A stacked nanosheet transistor, introduced at N3, uses multiple channel layers to maintain the overall channel length and necessary drive current while continuing to reduce the standard cell footprint. The follow-on technology, the CFET, pushes further up the z axis, stacking n-channel and p-channel transistors on top of each other, rather than side by side.

In work presented at December’s IEEE Electron Device Meeting, researchers at TSMC estimated that CFETs give a 1.5X to 2X overall size reduction at constant gate dimensions. [1] Those are significant area benefits for any digital logic, but manufacturing these new transistor structures will be a challenge.

Monolithic 3D integration is the simplest integration scheme, and the one likely to see production first. In monolithic 3D integration, the entire structure is assembled on a single piece of silicon. This approach can also be used to fabricate compute-in-memory designs where memory devices are fabricated as part of the metallization layers for a conventional CMOS circuit. While individual layers in monolithic 3D designs can incorporate new technologies — the integration of ReRAM devices, for example — the overall CMOS flow is preserved. All of the materials and processes used must be compatible with that rubric.

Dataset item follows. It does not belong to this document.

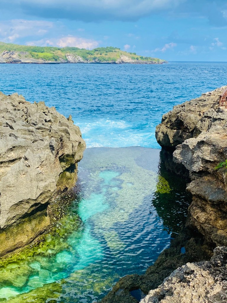 Esta isla ha ganado popularidad gracias a lugares icónicos como Kelingking Beach (con su acantilado en forma de T-Rex), Angel’s Billabong, Broken Beach o Crystal Bay, ideal para el snorkel.

Adding more nanosheets for complementary devices
The overall process in this kind of scheme is similar to a stacked nanosheet transistor flow. It starts with a stack of eight or more alternating silicon and silicon germanium layers (four pairs), compared to a stacked nanosheet NFET or PFET, which might have only four such layers (two pairs). In a CFET flow, however, middle dielectric layer is inserted halfway through the stack.

This layer, separating the n-type and p-type transistors, is probably the most important difference from a standard nanosheet transistor flow. To minimize parasitic capacitance, the middle dielectric layer should be as thin as possible, said imec’s Naoto Horiguchi. If it’s too thin, though, edge placement errors can cause isolation failures, landing contacts for the top devices onto bottom devices. [2]

In TSMC’s process, the Si/SiGe superlattice includes a high-germanium SiGe layer as a placeholder for the middle dielectric. After the source/drain etch, a highly selective etch removes this layer and oxidizes the silicon on either side of it to form the middle dielectric.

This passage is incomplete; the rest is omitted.